God of War Ragnarok: ¿Acierta o se equivoca Sony al lanzarlo en PS4?

Sony ofrecerá el juego a los más de 100 millones usuarios de PS4.

La noticia más replicada de esta semana ha sido, sin dudas, el retraso de God of War Ragnarok hasta 2022; sumado al hecho de que Sony desveló oficialmente que la secuela de la aventura de Kratos y Atreus también estará disponible en PlayStation 4.

Si bien, la llegada de God of War Ragnarok a PS4 nunca fue descartada del todo por Jim Ryan ni ninguno de los representantes de Sony, muchos dieron por sentado que no llegaría a la consola de anterior generación porque no fue incluida en el anuncio del juego el año pasado.

Ahora, se ha abierto un debate sobre las consecuencias que esto puede traer al desarrollo del juego y como podrá coartar, en cierta forma, la libertad creativa y de diseño para los desarrolladores, ya que deberán tomar en cuenta las posibilidades técnicas de una máquina de 2013 a la hora de idear ciertos sistemas.

Indudablemente, que GOW Ragnarok sea un título intergeneracional le va a impedir a Sony Santa Monica explotar todo el hardware de PS5 con su próxima gran obra y eso, lógicamente, alargará la transición generacional entre PS4 y PS5, pues los jugadores no se verán ‘forzados’ a adquirir una PlayStation 5 para disfrutar de uno de los llamados ‘vendeconsolas’ de Sony.

GOW Ragnarok en PS4 es un acierto comercial.

Desde el ámbito comercial, el lanzamiento de este juego en PS4 es totalmente lógico y entendible, pues son más de 100 millones de PS4 las que se han vendido en todo el mundo; representando un universo amplísimo de potenciales clientes y ganancias que le generaría el juego a Sony al lanzarlo en esta plataforma.

Además, a esta razón se le suman los problemas de stock que ha tenido la PS5 desde su lanzamiento, lo que también reduciría el potencial comercial del juego si se lanzase exclusivamente en la nueva consola; así que es claro que desde el punto de vista financiero, Sony acierta.

Sin embargo, por asegurarse un éxito comercial, Sony ha decidido que el establecimiento de la nueva generación como único plano sea mucho más tardío, perjudicando el avance técnico en un proyecto tan grande como GOW Ragnarok.

Pero el principal ‘problema’ creo que ni siquiera radica en la decisión de Sony de lanzar el juego en PS4; sino la forma en la que se manejó la información y lo tardío que fue el anuncio de la llegada del juego a dicha consola.

Ocultar que el nuevo God of War saldría en PS4 generó cierta expectativa en los usuarios de PS5, definiendo al título como exclusivo de nueva generación y ofreciéndolo como la primera referencia next-gen de PlayStation después de Demon’s Souls y Returnal, ya que Horizon Forbidden West sí fue presentado como intergeneracional desde un principio.

Que el nuevo God of War llegue a PS4 no sorprende.

Tomando en cuenta el tratamiento que le ha dado Sony a las generaciones a lo largo de los años, no sorprende que God of War Ragnarok tuviese como consola objetivo a PS4, ya que en situaciones normales, sin pandemia, el título habría salido en este año.

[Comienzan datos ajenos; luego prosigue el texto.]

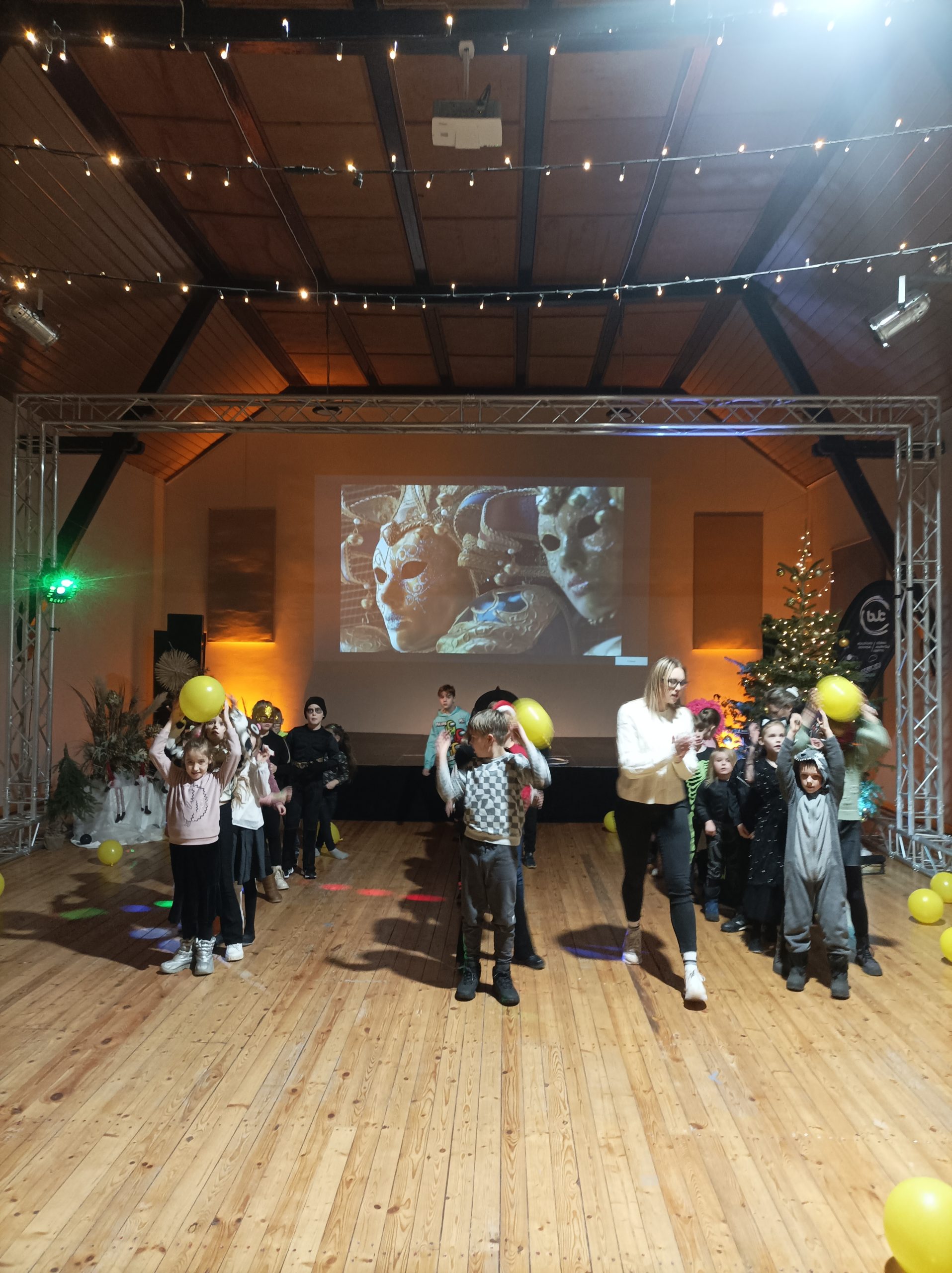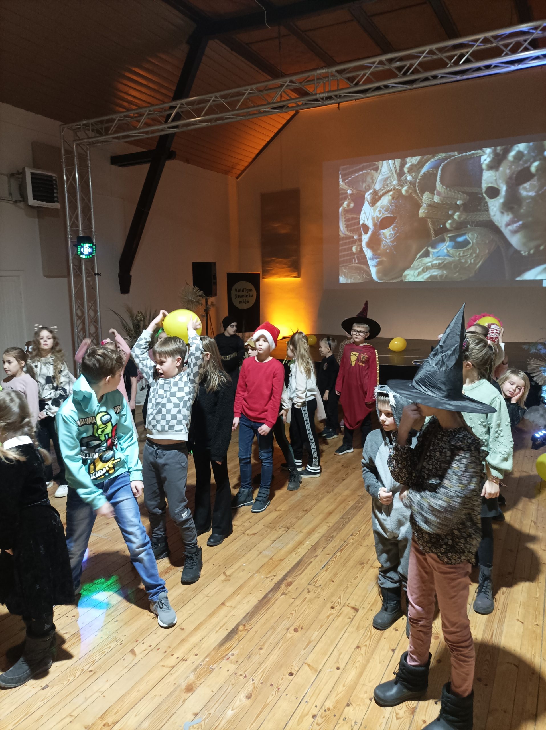Kuldīgas Jauniešu mājā ceturtdien, 4. janvāra vakarpusē pulcējās Masku balles dalībnieki.  Ap 30 bērni piepildīja pasākumu zāli ar čalām, smiekliem un prieku par atkalredzēšanos pēc brīvlaikā pavadītām dienām.

Sacrificar todo el potencial comercial de PS4, la segunda consola más vendida de la historia de PlayStation, por explotar el hardware de una consola que no ha superado oficialmente ni las 10 millones de unidades vendidas; no era algo que Sony iba a plantearse como factible, bajo ningún concepto.

Además, los grandes despliegues de nueva generación que aprovechan al máximo el hardware nunca han llegado durante el primer y segundo año de disponibilidad de la consola; y tenemos los ejemplos de PS3 y PS4; que terminaron de explotar con The Last of Us y The Last of Us Part II; y hasta con el mismo God of War, que salió en 2018, cuatro años y medio después del estreno de PS4.

Por todo lo expuesto, pienso que Sony ha adoptado la decisión más lógica con respecto al contexto actual de PS5 y PS4; y que prohibir a los usuarios de PS4 de disfrutar de este título sería uno de los desaciertos comerciales más grandes de la historia reciente de PlayStation.

A la PS5 todavía le quedan, como mínimo, cuatro o cinco años para explotar todo su potencial y ya los estudios de PlayStation tendrán la oportunidad de aprovechar todo el hardware, al igual que los jugadores de disfrutar de la potencia de la consola.

Y sí, PlayStation está retrasando la llegada de la nueva generación, pero dadas las condiciones actuales; me parece que está más que justificado.